Brief :: With the line that contains "从小鱼山下来又经过大学路,依" as the first line, output exactly every line through the end of the material.

Input for this task ::
☆ ☆ ☆ ☆

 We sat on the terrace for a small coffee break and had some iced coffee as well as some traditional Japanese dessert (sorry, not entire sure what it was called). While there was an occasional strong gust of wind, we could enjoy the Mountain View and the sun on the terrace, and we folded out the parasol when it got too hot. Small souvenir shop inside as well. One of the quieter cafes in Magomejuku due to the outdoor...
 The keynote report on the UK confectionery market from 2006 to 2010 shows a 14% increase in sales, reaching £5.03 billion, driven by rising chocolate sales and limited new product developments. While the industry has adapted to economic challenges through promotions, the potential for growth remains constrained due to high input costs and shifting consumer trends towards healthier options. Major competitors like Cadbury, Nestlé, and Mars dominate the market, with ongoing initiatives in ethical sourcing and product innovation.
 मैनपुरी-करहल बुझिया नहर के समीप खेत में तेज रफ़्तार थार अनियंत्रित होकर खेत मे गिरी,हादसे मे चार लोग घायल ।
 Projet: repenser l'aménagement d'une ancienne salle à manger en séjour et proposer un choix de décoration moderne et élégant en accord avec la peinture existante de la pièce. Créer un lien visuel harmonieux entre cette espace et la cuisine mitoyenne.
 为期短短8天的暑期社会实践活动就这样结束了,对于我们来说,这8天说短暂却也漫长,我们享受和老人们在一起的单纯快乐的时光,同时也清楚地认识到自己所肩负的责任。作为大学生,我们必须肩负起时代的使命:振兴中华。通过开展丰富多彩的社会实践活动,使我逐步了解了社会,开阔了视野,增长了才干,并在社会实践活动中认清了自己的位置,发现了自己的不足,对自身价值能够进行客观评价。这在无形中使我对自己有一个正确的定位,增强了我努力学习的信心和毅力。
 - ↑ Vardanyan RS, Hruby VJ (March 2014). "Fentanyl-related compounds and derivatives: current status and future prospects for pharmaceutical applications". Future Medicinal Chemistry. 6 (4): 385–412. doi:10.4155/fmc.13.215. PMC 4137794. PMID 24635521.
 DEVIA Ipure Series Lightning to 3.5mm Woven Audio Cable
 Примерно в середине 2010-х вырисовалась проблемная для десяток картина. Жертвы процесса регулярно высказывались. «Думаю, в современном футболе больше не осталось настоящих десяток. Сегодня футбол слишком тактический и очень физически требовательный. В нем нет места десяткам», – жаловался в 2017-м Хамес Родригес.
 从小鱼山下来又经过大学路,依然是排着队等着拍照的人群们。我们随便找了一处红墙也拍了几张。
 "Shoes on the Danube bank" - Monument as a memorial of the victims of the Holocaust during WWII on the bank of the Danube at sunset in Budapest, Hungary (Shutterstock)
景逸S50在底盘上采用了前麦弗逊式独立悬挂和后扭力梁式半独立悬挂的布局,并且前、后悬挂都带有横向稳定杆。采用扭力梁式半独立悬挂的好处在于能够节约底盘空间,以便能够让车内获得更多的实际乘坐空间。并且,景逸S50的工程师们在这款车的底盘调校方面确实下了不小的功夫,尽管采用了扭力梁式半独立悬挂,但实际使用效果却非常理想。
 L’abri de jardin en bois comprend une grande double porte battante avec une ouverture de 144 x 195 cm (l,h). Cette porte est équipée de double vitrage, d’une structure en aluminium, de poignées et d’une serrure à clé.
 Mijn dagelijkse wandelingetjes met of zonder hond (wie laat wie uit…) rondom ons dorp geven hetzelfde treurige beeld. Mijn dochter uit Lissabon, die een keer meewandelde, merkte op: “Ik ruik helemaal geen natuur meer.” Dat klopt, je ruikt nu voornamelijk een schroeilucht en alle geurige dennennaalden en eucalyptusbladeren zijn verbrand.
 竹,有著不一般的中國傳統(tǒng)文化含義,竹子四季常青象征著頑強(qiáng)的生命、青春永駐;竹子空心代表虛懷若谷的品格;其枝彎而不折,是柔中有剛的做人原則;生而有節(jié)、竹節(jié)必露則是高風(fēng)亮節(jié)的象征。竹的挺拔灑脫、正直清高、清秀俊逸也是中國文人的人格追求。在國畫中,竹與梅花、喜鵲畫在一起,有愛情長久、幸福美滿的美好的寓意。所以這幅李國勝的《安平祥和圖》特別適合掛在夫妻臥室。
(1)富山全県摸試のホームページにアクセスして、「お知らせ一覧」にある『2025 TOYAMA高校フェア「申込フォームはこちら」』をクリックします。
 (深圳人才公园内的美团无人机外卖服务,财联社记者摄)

☆ ☆ ☆ ☆

Answer to this exercise ::
 从小鱼山下来又经过大学路,依然是排着队等着拍照的人群们。我们随便找了一处红墙也拍了几张。
 "Shoes on the Danube bank" - Monument as a memorial of the victims of the Holocaust during WWII on the bank of the Danube at sunset in Budapest, Hungary (Shutterstock)
景逸S50在底盘上采用了前麦弗逊式独立悬挂和后扭力梁式半独立悬挂的布局,并且前、后悬挂都带有横向稳定杆。采用扭力梁式半独立悬挂的好处在于能够节约底盘空间,以便能够让车内获得更多的实际乘坐空间。并且,景逸S50的工程师们在这款车的底盘调校方面确实下了不小的功夫,尽管采用了扭力梁式半独立悬挂,但实际使用效果却非常理想。
 L’abri de jardin en bois comprend une grande double porte battante avec une ouverture de 144 x 195 cm (l,h). Cette porte est équipée de double vitrage, d’une structure en aluminium, de poignées et d’une serrure à clé.
 Mijn dagelijkse wandelingetjes met of zonder hond (wie laat wie uit…) rondom ons dorp geven hetzelfde treurige beeld. Mijn dochter uit Lissabon, die een keer meewandelde, merkte op: “Ik ruik helemaal geen natuur meer.” Dat klopt, je ruikt nu voornamelijk een schroeilucht en alle geurige dennennaalden en eucalyptusbladeren zijn verbrand.
 竹,有著不一般的中國傳統(tǒng)文化含義,竹子四季常青象征著頑強(qiáng)的生命、青春永駐;竹子空心代表虛懷若谷的品格;其枝彎而不折,是柔中有剛的做人原則;生而有節(jié)、竹節(jié)必露則是高風(fēng)亮節(jié)的象征。竹的挺拔灑脫、正直清高、清秀俊逸也是中國文人的人格追求。在國畫中,竹與梅花、喜鵲畫在一起,有愛情長久、幸福美滿的美好的寓意。所以這幅李國勝的《安平祥和圖》特別適合掛在夫妻臥室。
(1)富山全県摸試のホームページにアクセスして、「お知らせ一覧」にある『2025 TOYAMA高校フェア「申込フォームはこちら」』をクリックします。
 (深圳人才公园内的美团无人机外卖服务,财联社记者摄)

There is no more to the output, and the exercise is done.